**Assignment**
From the line containing "ผู้ใหญ่บ้าน ประจำเดือนเมษายน 2569" down to the final line of the entries below, quote every line verbatim. Exclude pictures.

Data items:
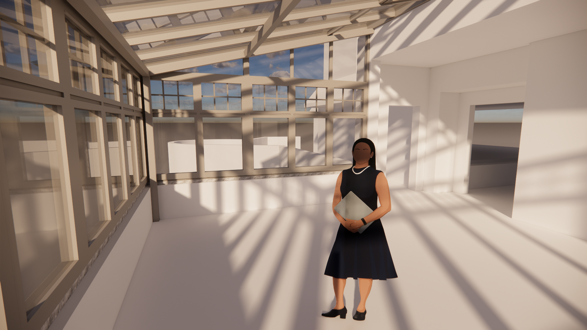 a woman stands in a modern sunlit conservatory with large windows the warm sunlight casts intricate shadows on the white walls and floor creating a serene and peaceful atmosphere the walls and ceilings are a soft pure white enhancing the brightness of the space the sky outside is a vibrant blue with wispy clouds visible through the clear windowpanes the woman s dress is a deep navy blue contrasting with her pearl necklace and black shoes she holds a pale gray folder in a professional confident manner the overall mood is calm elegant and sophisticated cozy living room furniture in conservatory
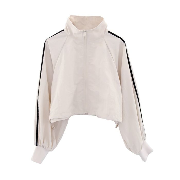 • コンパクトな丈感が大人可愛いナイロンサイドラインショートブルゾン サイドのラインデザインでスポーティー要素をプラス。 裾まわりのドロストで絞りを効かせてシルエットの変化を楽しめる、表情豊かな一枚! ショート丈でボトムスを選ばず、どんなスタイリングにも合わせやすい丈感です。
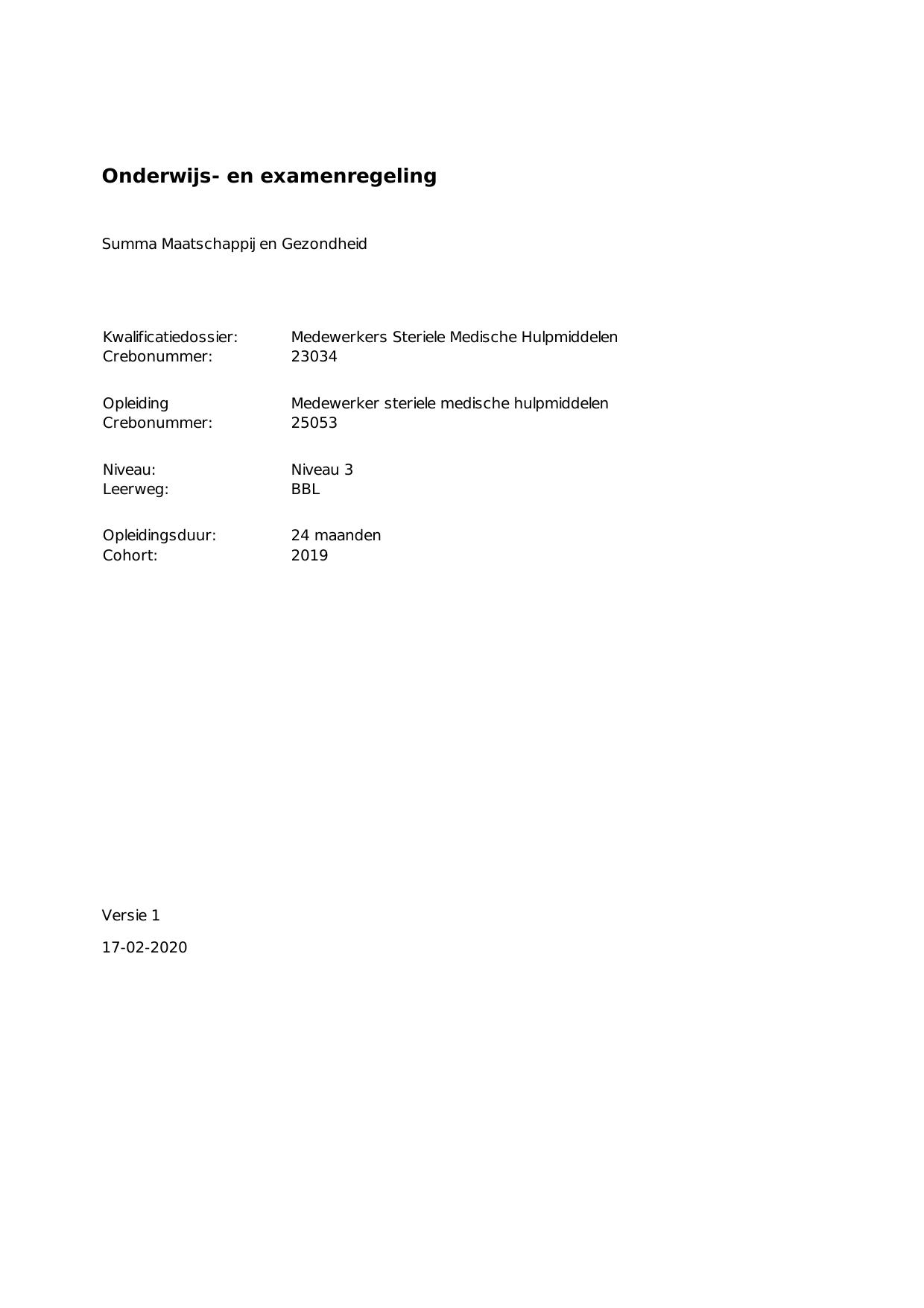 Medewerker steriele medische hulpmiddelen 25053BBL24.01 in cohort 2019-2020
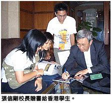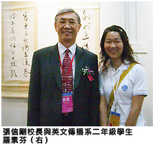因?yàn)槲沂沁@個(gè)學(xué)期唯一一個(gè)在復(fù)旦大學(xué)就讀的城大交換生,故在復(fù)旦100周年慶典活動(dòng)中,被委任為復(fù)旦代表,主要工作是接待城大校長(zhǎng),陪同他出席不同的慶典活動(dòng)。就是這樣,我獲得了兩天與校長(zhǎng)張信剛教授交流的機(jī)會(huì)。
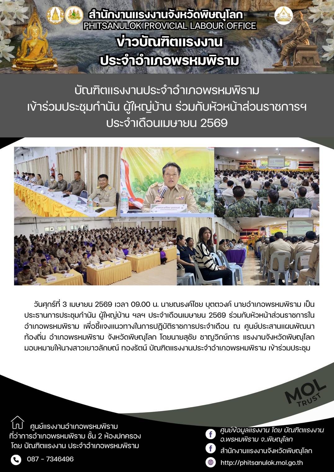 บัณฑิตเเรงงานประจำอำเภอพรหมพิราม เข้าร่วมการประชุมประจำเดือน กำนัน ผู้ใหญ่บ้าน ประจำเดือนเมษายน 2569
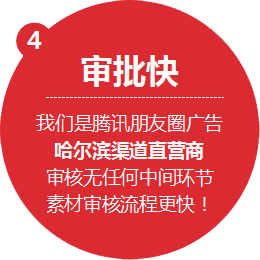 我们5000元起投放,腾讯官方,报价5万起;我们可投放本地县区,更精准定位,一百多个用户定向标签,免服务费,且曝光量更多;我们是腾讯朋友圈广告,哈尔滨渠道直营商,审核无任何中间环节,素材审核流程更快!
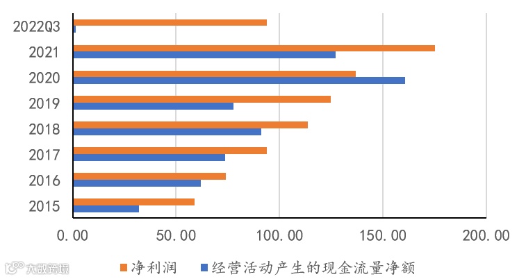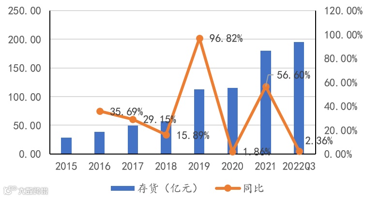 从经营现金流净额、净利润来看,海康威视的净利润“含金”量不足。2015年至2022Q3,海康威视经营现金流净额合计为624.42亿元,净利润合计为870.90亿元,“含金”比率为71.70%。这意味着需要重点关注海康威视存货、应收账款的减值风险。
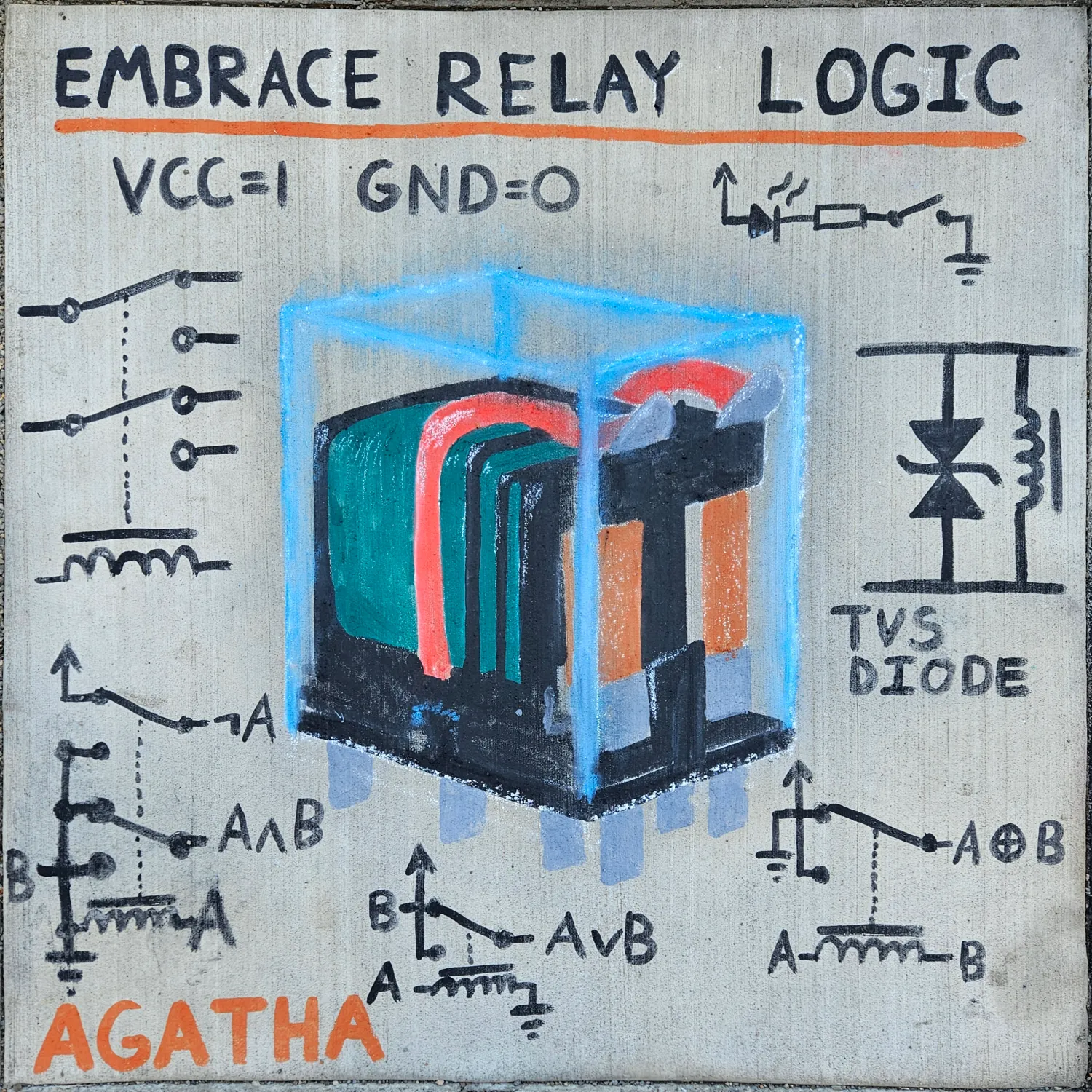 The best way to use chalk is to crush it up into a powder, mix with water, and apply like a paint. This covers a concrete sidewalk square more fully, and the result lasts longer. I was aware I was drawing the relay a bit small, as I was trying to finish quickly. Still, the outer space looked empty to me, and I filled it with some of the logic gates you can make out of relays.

**Response for this exercise**
 บัณฑิตเเรงงานประจำอำเภอพรหมพิราม เข้าร่วมการประชุมประจำเดือน กำนัน ผู้ใหญ่บ้าน ประจำเดือนเมษายน 2569
 我们5000元起投放,腾讯官方,报价5万起;我们可投放本地县区,更精准定位,一百多个用户定向标签,免服务费,且曝光量更多;我们是腾讯朋友圈广告,哈尔滨渠道直营商,审核无任何中间环节,素材审核流程更快!
 从经营现金流净额、净利润来看,海康威视的净利润“含金”量不足。2015年至2022Q3,海康威视经营现金流净额合计为624.42亿元,净利润合计为870.90亿元,“含金”比率为71.70%。这意味着需要重点关注海康威视存货、应收账款的减值风险。
 The best way to use chalk is to crush it up into a powder, mix with water, and apply like a paint. This covers a concrete sidewalk square more fully, and the result lasts longer. I was aware I was drawing the relay a bit small, as I was trying to finish quickly. Still, the outer space looked empty to me, and I filled it with some of the logic gates you can make out of relays.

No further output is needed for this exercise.